# Taking SE Exam Early



## PE-CA-rys (Sep 19, 2019)

Can someone with a PE Civil in California, register and take the NCEES SE Exam in other State (Say Nevada) before completing the 3 years of work experience. Thoughts?


----------



## User1 (Sep 20, 2019)

as long as they meet the (nevada) requirements, yes.


----------



## Edub24 (Sep 20, 2019)

I believe so but you would have to wait 3 years until you can get the CA SE license by comity. A lot of people get the PE license in CA because the wait isn’t as long as other states (2 years) and eventually get the license in their home state by comity when allowed.


----------



## cal91 (Oct 7, 2019)

I'm in CA. Got my PE after my 2 years experience. 1 year later took SE in Nevada (that was in April 2019) and passed. Have not applied for a SE license in NV and don't plan to. I'll apply for my SE license in CA once I have my 3 years experience with my PE.


----------



## Robert_Hunter (Oct 8, 2019)

cal91 said:


> I'm in CA. Got my PE after my 2 years experience. 1 year later took SE in Nevada (that was in April 2019) and passed. Have not applied for a SE license in NV and don't plan to. I'll apply for my SE license in CA once I have my 3 years experience with my PE.

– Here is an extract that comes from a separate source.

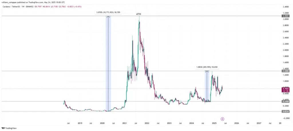 From $0.03 to an all-time high of approximately $3.10 during the 2020–2021 bull cycle, ADA experienced an explosive growth of more than 10,000%.

I have my PE in California as well, so I can sign up and take the SE in Nevada without prior approval (similar to the PE exam in California)?


----------



## PE-CA-rys (Oct 14, 2019)

According to NCEES Website, Nevada State does not require prior board authorization to register for 16 Hour structural exam.


----------



## PE-CA-rys (Oct 14, 2019)

While the California board requires prior authorization.


----------